Unnamed: 0,Parish,2017 Letter Grade,2017 Annual DPS,2016 Letter Grade,2016 Annual DPS,2017 Assessment Index\nGrades 3-8*,2017 Dropout Credit Accumulation Index*,2017 Assessment Index\nEnd-of-Course Exams*,2017 Assessment Index\nACT*,Strength of Diploma (Graduation Index) (2015-16 Cohort)*,Cohort Graduation Rate Index \n(Points Earned for Cohort Graduation Rate) \n(2015-16 Cohort)*,Cohort Graduation Rate (Actual Graduation Rate) (2015-16 Cohort)**,2017 Progress Points,2016 Assessment Index\nGrades 3-8*,2016 Dropout Credit Accumulation Index*,2016 Assessment Index\nEnd-of-Course Exams*,2016 Assessment Index\nACT*,Strength of Diploma (Graduation Index) (2014-15 Cohort)*,Cohort Graduation Rate Index \n(Points Earned for Cohort Graduation Rate) \n (2014-15 Cohort)*,Cohort Graduation Rate (Actual Graduation Rate) (2014-15 Cohort)**,2016 Progress Points,Unnamed: 21
0,acadia,B,90.0,B,97.3,78.8,137.4,70.5,90.6,93.4,122.6,86.3,3.3,81.6,139.8,69.6,87.2,89.8,120.2,85.1,10.0,
1,allen,A,103.4,A,104.2,85.9,143.6,77.4,98.2,96.3,127.6,88.8,10.0,88.6,139.8,68.9,93.4,98.9,132.2,91.1,10.0,
2,ascension,A,110.4,A,109.3,92.6,141.8,97.9,99.0,105.9,125.8,87.9,10.0,92.6,140.9,97.1,95.0,101.5,125.4,87.7,10.0,
3,assumption,B,95.0,B,93.3,75.5,143.6,67.9,91.4,90.7,119.6,84.8,10.0,78.0,139.7,68.9,75.9,88.1,111.0,80.5,10.0,
4,avoyelles,C,71.5,C,73.6,53.7,128.6,54.7,95.1,86.6,103.4,76.7,3.1,57.3,123.0,48.3,91.4,75.1,93.2,71.6,6.2,


*This is the tidying that we will do for now. As the project progresses, we will make this Dataframe more pandas function friendly.*

___
## Closing Thoughts and Final Goals:
The team is also interested in what relationships the two datasets have with each other, considering they cover different aspects of the same units of observations, those being demographic measurements and performance measurements.
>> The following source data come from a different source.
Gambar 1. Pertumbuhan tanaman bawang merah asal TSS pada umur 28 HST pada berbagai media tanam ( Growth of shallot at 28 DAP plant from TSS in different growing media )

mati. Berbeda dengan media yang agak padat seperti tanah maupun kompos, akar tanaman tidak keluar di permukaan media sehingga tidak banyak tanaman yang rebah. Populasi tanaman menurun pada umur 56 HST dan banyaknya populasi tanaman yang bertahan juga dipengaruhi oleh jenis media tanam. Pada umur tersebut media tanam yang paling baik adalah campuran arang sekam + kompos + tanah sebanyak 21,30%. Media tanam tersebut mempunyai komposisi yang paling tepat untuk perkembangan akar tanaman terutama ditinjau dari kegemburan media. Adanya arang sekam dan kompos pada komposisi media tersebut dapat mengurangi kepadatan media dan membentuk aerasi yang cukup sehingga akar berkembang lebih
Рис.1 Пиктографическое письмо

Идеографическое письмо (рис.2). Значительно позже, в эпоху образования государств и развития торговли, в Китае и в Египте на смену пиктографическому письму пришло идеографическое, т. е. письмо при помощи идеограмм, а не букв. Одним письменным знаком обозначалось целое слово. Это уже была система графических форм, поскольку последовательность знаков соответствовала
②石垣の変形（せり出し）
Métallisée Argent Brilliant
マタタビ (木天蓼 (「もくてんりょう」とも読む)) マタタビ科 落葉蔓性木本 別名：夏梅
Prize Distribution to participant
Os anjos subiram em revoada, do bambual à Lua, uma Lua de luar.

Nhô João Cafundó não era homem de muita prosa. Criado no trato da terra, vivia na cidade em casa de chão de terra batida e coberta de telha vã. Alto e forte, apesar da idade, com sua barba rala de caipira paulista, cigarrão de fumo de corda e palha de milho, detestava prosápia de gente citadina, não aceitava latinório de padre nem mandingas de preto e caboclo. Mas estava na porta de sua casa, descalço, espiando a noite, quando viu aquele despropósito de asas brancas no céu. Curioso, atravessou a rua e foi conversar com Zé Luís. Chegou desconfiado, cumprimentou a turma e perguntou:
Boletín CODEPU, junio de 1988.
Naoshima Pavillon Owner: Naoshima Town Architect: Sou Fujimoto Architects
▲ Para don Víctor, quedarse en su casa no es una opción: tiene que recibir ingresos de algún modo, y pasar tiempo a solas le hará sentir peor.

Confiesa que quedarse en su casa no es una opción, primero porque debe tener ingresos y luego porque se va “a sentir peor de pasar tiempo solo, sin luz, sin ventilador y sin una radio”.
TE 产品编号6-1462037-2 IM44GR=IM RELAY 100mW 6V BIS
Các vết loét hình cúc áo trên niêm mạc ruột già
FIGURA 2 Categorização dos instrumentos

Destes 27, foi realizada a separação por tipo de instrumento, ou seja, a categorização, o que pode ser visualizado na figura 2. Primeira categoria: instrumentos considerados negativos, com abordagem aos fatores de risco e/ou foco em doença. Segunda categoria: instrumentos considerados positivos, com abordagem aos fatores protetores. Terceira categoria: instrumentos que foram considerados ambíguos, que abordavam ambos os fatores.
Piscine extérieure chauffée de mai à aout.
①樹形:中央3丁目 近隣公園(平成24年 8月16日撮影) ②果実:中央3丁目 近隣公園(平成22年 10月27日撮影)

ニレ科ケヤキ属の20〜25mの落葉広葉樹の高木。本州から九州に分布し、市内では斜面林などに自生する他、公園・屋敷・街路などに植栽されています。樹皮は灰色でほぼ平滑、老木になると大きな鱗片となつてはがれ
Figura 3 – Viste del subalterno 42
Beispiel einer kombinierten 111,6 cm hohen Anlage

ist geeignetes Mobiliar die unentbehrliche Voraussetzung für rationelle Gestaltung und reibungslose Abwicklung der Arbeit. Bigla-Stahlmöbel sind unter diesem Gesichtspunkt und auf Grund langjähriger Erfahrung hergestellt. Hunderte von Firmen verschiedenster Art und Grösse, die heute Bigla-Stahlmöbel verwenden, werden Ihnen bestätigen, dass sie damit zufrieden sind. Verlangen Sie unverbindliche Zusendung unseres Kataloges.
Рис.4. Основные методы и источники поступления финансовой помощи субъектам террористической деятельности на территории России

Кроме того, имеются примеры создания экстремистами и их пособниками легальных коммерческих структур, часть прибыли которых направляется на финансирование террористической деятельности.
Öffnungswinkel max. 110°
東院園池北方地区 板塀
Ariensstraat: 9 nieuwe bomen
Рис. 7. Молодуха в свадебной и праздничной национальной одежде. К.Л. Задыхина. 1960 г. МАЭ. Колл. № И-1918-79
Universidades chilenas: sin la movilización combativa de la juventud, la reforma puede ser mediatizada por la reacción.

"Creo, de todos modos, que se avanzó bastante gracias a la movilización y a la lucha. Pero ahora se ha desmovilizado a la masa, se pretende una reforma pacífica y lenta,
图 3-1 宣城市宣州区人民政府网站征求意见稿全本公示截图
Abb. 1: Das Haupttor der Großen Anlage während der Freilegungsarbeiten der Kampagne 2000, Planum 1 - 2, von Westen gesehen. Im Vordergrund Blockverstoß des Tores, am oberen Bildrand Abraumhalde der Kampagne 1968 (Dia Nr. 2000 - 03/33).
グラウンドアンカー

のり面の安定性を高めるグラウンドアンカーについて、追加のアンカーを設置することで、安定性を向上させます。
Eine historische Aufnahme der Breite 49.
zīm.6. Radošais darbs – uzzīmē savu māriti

Questions such as, “What are the demographics of schools that perform best/worst?” “How do compensation rates compare between well and poorly performing schools?” “How relevant is the pupil/teacher ratio in academic performance?” and “Does school size have any impact on graduation rate or academic performance?” These are the questions the team is most interested in: the ones that relate to both datasets and will require the merging and/or comparing of the two, rather than just looking at each individually. Eventually, the team would like to create a model based on the data from these tables to predict the test scores of districts around the country based on their information from the U.S. Department of Education National Center for Education Statistics Common Code of Data (CCD). This would, of course, requires more datasets to be parsed and tidied – which would be done once our initial exploratory analysis is completed.